With the material below, print exactly the lines between the line holding "1月16日19:30,湖南冠" and the line holding "Delivery: <= 3", inclusive. Add nothing else.

→ **Information given**
=-=-=

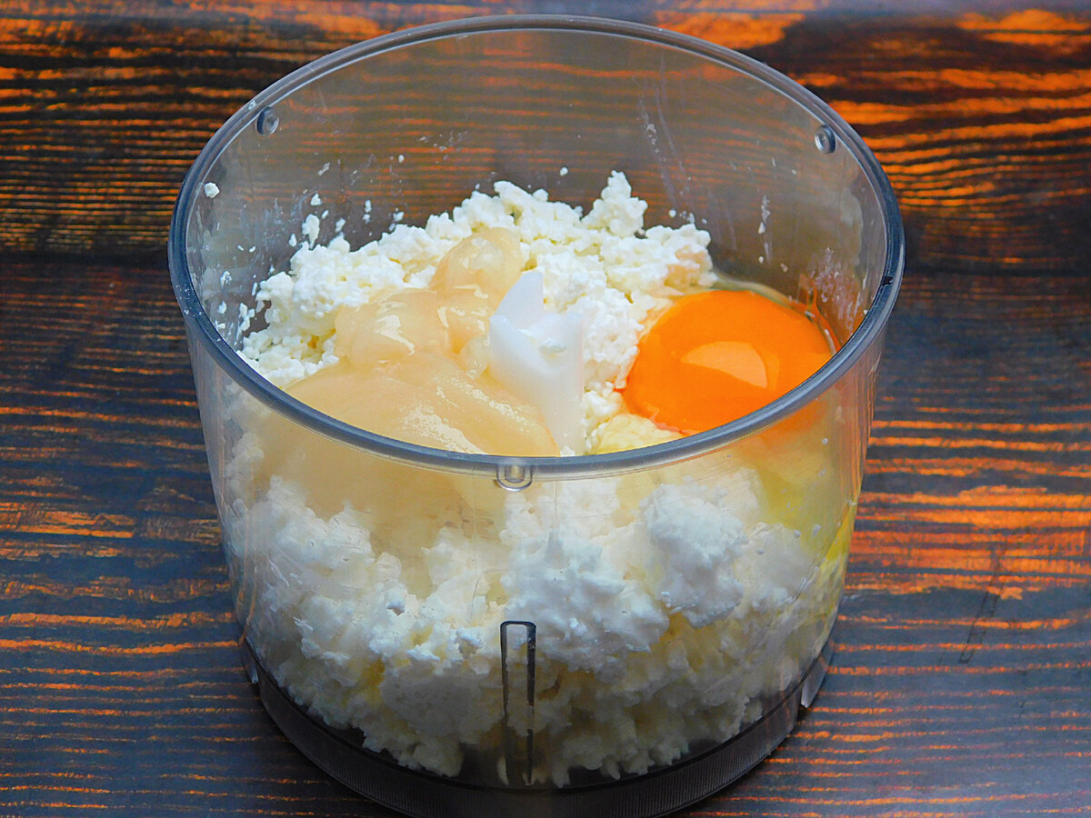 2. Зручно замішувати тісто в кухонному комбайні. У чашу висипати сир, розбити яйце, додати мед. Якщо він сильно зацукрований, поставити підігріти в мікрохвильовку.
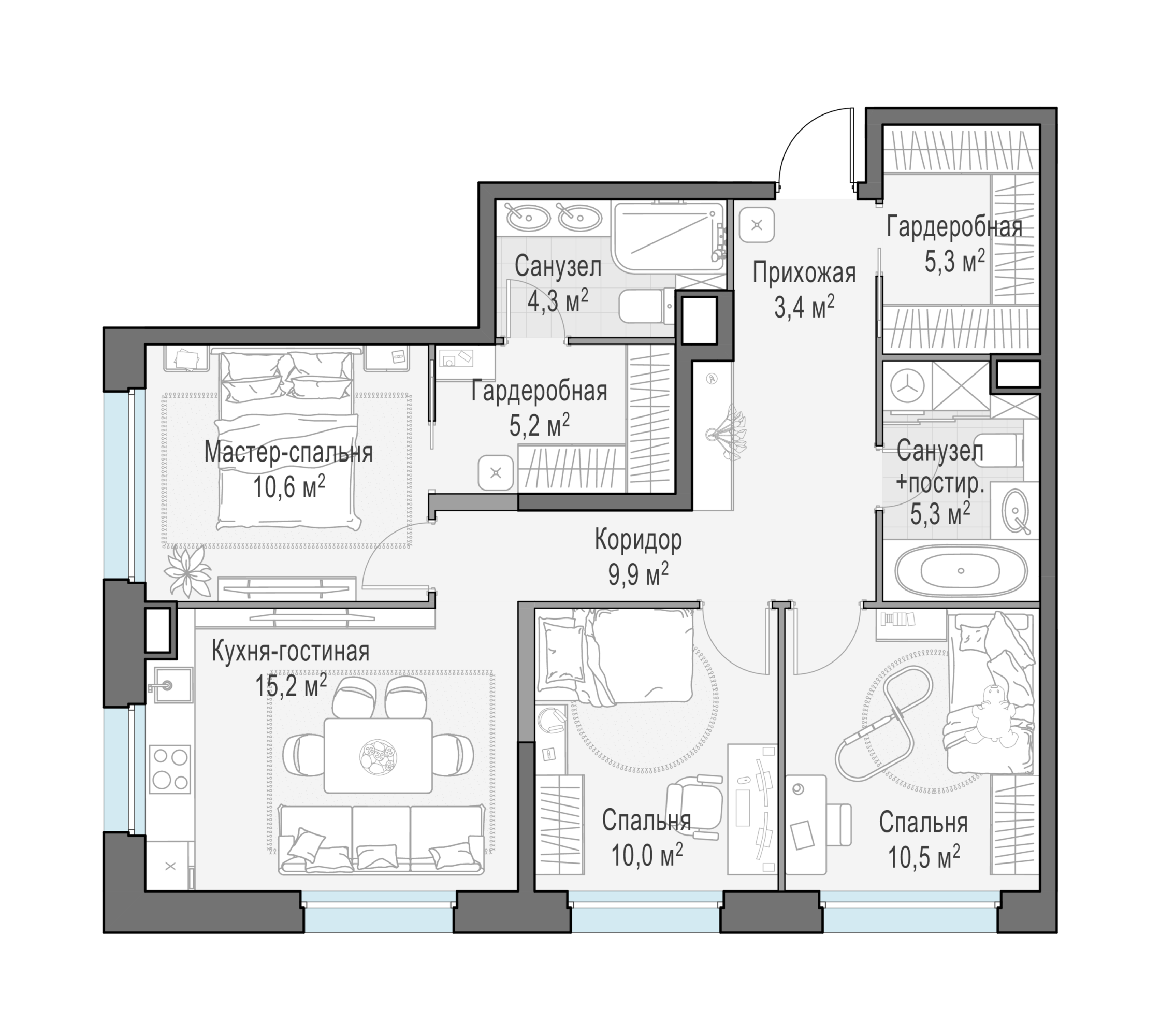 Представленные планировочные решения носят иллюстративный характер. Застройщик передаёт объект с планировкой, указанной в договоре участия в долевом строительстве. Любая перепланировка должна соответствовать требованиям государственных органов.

=-=-=

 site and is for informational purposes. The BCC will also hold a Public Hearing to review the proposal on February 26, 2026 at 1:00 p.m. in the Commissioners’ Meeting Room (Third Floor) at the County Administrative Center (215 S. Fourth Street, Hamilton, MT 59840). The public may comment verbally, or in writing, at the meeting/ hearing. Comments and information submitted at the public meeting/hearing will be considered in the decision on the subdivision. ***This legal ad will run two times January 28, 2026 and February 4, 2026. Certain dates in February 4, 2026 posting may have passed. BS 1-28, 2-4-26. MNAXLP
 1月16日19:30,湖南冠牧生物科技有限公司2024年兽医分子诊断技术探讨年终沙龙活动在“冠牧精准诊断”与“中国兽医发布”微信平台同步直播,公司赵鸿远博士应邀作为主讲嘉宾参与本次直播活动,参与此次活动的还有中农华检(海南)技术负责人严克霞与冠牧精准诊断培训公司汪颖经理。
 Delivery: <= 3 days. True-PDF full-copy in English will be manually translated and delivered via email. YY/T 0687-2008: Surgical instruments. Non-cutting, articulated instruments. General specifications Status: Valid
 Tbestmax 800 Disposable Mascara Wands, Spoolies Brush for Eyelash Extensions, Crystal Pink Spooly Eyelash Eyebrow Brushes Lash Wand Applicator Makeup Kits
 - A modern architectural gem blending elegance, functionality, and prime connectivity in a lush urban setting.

=-=-=

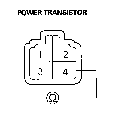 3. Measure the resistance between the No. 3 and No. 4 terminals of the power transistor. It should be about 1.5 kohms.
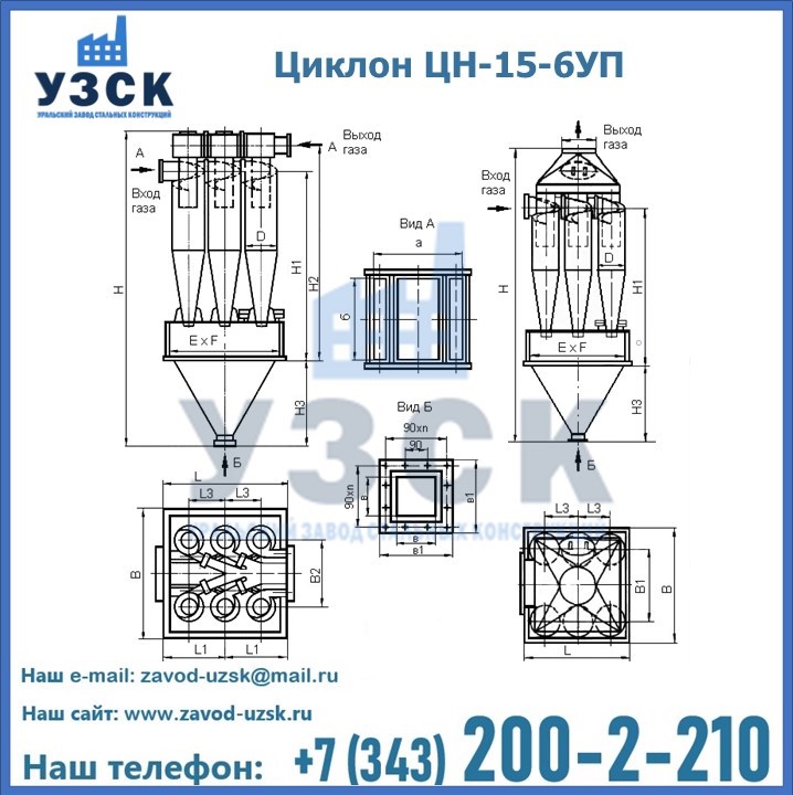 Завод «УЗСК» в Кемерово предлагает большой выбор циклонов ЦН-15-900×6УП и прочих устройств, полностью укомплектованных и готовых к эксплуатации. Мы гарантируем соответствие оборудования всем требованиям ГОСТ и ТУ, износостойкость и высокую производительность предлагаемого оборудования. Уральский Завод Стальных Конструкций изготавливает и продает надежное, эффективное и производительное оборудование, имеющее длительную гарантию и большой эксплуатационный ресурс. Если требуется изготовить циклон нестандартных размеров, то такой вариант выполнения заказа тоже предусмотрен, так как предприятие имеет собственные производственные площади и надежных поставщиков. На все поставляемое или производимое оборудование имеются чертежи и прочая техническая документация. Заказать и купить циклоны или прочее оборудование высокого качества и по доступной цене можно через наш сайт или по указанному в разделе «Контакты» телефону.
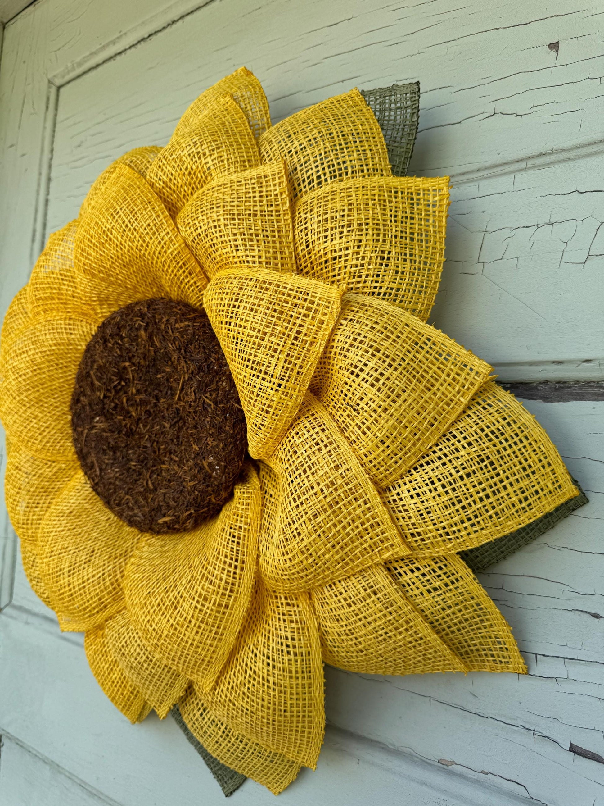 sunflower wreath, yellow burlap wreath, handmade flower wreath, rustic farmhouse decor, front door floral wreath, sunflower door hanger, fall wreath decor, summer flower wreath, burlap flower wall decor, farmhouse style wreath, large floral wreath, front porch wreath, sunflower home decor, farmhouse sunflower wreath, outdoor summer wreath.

=-=-=

→ **The completed task**
 1月16日19:30,湖南冠牧生物科技有限公司2024年兽医分子诊断技术探讨年终沙龙活动在“冠牧精准诊断”与“中国兽医发布”微信平台同步直播,公司赵鸿远博士应邀作为主讲嘉宾参与本次直播活动,参与此次活动的还有中农华检(海南)技术负责人严克霞与冠牧精准诊断培训公司汪颖经理。
 Delivery: <= 3 days. True-PDF full-copy in English will be manually translated and delivered via email. YY/T 0687-2008: Surgical instruments. Non-cutting, articulated instruments. General specifications Status: Valid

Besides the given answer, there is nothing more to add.